Anshuman Khandual May 30, 2022, 7:07 a.m. UTC | #1
Hello Barry,

On 5/27/22 15:36, Barry Song wrote:
> From: Barry Song <v-songbaohua@oppo.com>
> 
> THP_SWAP has been proved to improve the swap throughput significantly
> on x86_64 according to commit bd4c82c22c367e ("mm, THP, swap: delay
> splitting THP after swapped out").
It will be useful to run similar experiments on arm64 platform to
demonstrate tangible benefit, else we might be just enabling this
feature just because x86 has it. Do you have some data points ?

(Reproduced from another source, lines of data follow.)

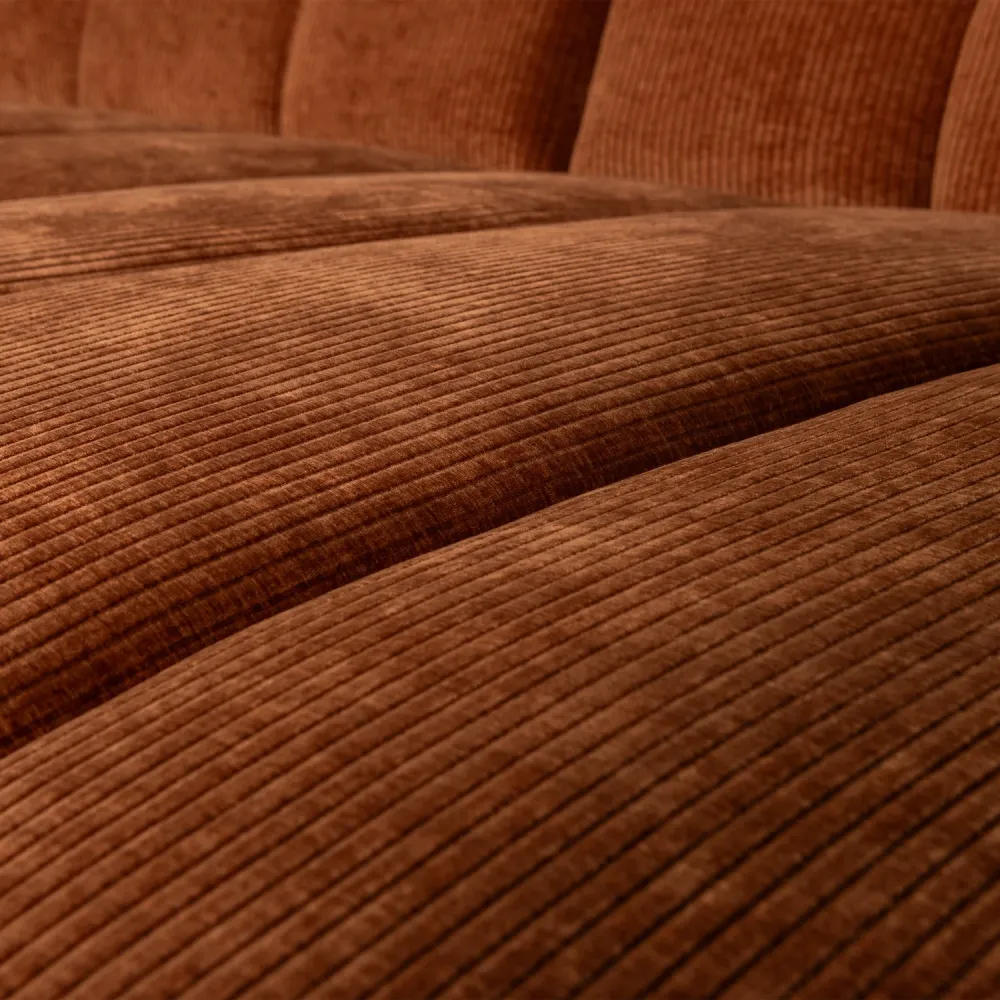 De Mojo chaise longue bank rechts in ribstof roestbruin van WOOOD is een echte blikvanger in je woonkamer. Deze moderne loungebank combineert stoer design met optimaal comfort. De royale zitdiepte en zachte ribstof zorgen ervoor dat je heerlijk kunt ontspannen, terwijl de warme roestbruine kleur direct sfeer toevoegt aan je interieur.
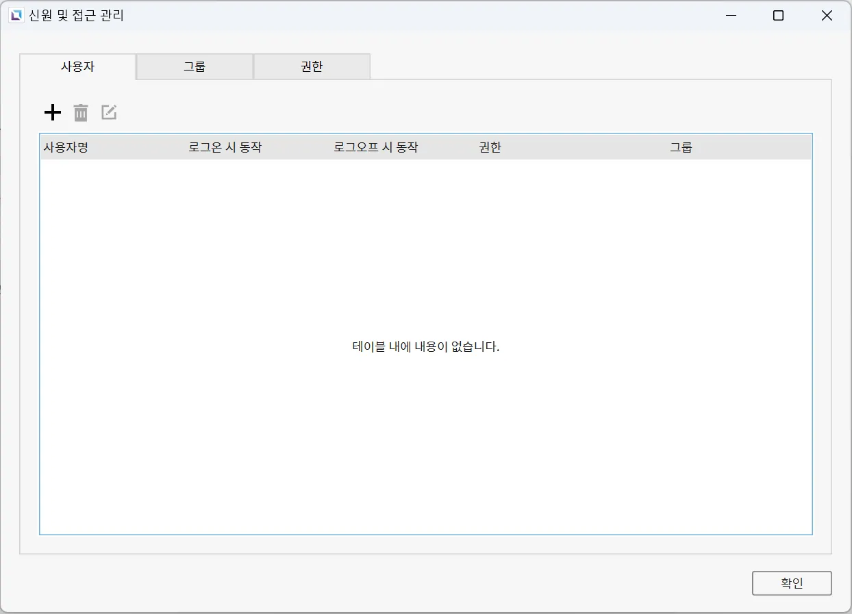 사용자에게는 각각 고유한 권한이 주어지거나 로그인/로그오프 시 실행할 동작을 설정할 수 있습니다. 사용자 탭에서 + 아이콘을 클릭하여 새 사용자를 추가할 수 있습니다. 필요한 내용을 전부 설정한 다음 확인을 눌러 사용자를 등록합니다. 사용자에 등록된 이메일로는 각종 설정을 통해 알림을 보낼 수 있습니다.
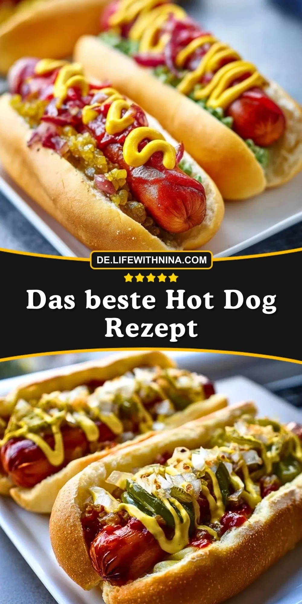 Diese Hot Dogs sind die perfekte Mischung aus würzigen Würstchen, fluffigen Brötchen und klassischen Toppings wie Röstzwiebeln, sauren Gurken, Senf und Ketchup. Schnell gemacht, individuell belegbar und ein absoluter Hit bei Groß und Klein. Perfekt für jede Party oder ein entspanntes Abendessen zu Hause!
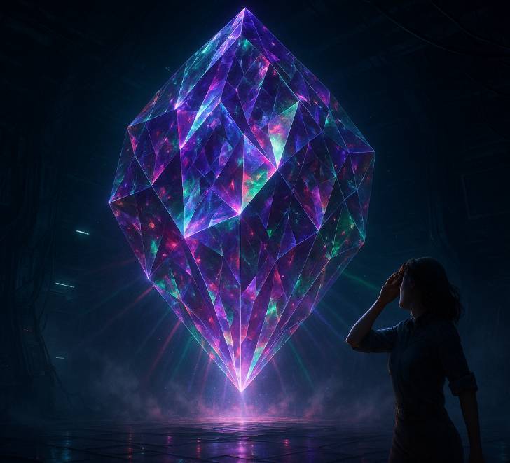 На голограмме появился кристалл, но уже не тот, что лежал перед ней на столе. Нет. Этот был гигантским, сверкающим тысячами граней, каждая из которых переливалась разными цветами: фиолетовым, зелёным, багряным. Он напоминал живую конструкцию, как будто был частью чего-то гораздо большего.
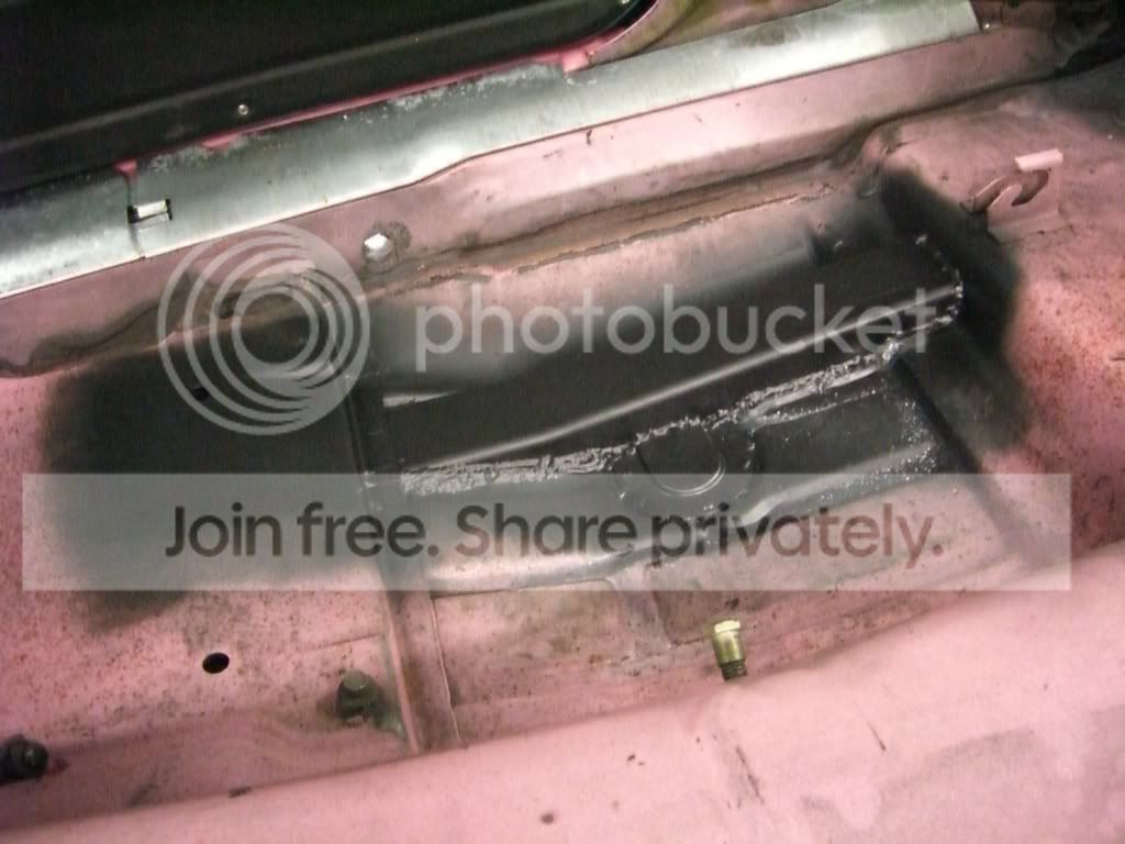 I'd scraped for a while and swept the floor when the debris got too messy twice before I took this photo. This is the third cycle of mess from the fourth circle of hell. Nothing but a heat gun, various scrapers and a wire wheel......and beer......and the Giants on the radio. http://i490.photobucket.com/albums/r...e/CIMG4201.jpg Looking from the drivers side rear toward the front. I left the bottom of the trunk pan alone, that'll be cut out. The dark bits forward of the back seatbelt mounts are just grease/dirt. That'll come off with simple green http://i490.photobucket.com/albums/r...e/CIMG4202.jpg I made it to the front seatbelt mounts and had to stop. http://i490.photobucket.com/albums/r...e/CIMG4205.jpg I hope to finish the scraping tomorrow and start with the de-greasing. I have a plan in mind for that. Not sure if it'll work. Good thing the wife will be away. It's going to be messy. |
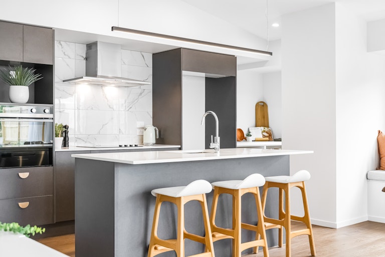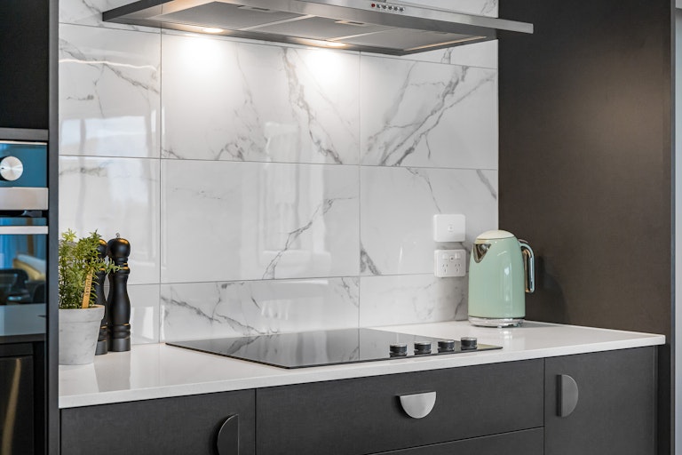 • Modern kitchen with stone benchtops and sleek appliances
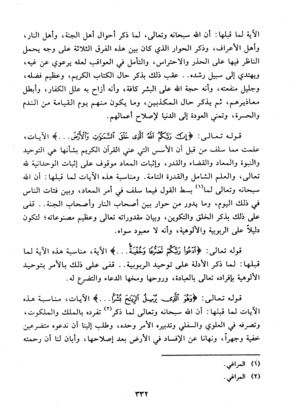 قوله تعالى: {إِنَّ رَبَّكُمُ اللَّهُ الَّذِي خَلَقَ السَّماواتِ وَالْأَرْضَ ...} الآيات، علمت مما سلف من قبل أن الأسس التي عني القرآن الكريم بشأنها هي التوحيد والنبوة والمعاد والقضاء والقدر، وإثبات المعاد موقوف على إثبات الوحدانية لله تعالى، والعلم الشامل والقدرة التامة. ومناسبة هذه الآيات لما قبلها: أن الله سبحانه وتعالى لما (¬1) بسط القول فيما سلف في أمر المعاد، وبين فئات الناس في ذلك اليوم، وما يدور من حوار بين أصحاب النار وأصحاب الجنة .. قفى على ذلك بذكر الخلق والتكوين، وبيان مقدوراته تعالى وعظيم مصنوعاته؛ لتكون دليلا على الربوبية والألوهية، وأنه لا معبود سواه.
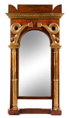 A Regency Parcel Gilt Rosewood and Mahogany Pier Mirror
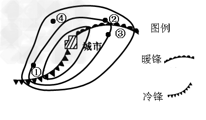 1.关于图中①②③④四地天气特征的叙述,正确的是
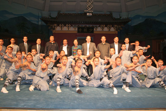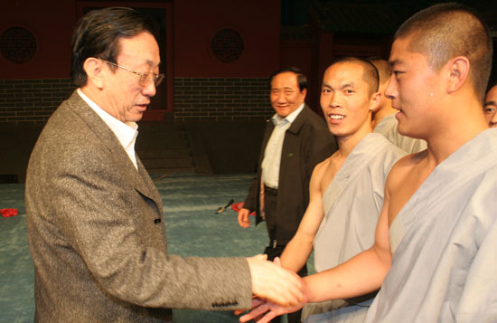 在武術(shù)館演武廳,武術(shù)館弟子向領(lǐng)導(dǎo)們展示了少林童子功、硬氣功、八段錦等少林傳統(tǒng)功夫,這也是每天為游客演出的常規(guī)項(xiàng)目,弟子們扎實(shí)的基本功贏得了領(lǐng)導(dǎo)們的陣陣掌聲。演出結(jié)束后,郭庚茂走上舞臺與弟子們一一握手,并合影留念。
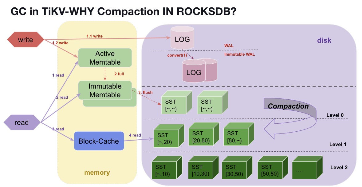 通过前面几章我们知道,使用传统的 GC 方式,我们会将 TiKV 层的 MVCC 一个个扫出来,根据 safepoint 确认其可以被删除后,再发送给 raftstore 也就是 rocksdb 一个 (DELETE key) 的操作。而 rocksdb 基于 LSM tree 实现,其内部也采用了 MVCC 机制,也就是当新写入,即使是删除写入时,旧版本数据不会被立刻被删除掉,而是与新写入的数据同时保留。
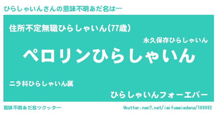 | 男性向けラノベタイトル風あだ名 | 『ひらしゃいんに滅ぼされるだけの簡単なお仕事です』 |
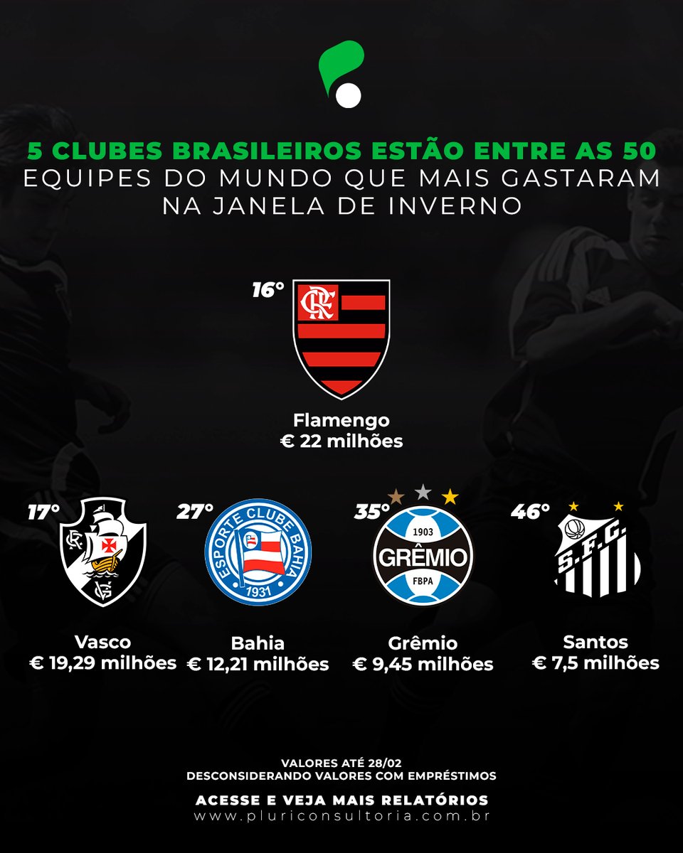 Flamengo, Vasco, Bahia, Grêmio e Santos estão entre as 50 equipes do mundo que mais gastaram com compras de jogadores na janela de inverno.

> As long as arm64 uses 4K page size, it is quite similar with x86_64
> by having 2MB PMD THP. So we are going to get similar improvement.

This is an assumption without any data points (until now). Please
do provide some results.

> For other page sizes such as 16KB and 64KB, PMD might be too large.
> Negative side effects such as IO latency might be a problem. Thus,
> we can only safely enable the counterpart of X86_64.

Incorrect reasoning. Although sometimes it might be okay to enable
a feature on platforms with possible assumptions about its benefits,
but to claim 'similar improvement, safely, .. etc' while comparing
against x86 4K page config without data points, is not very helpful.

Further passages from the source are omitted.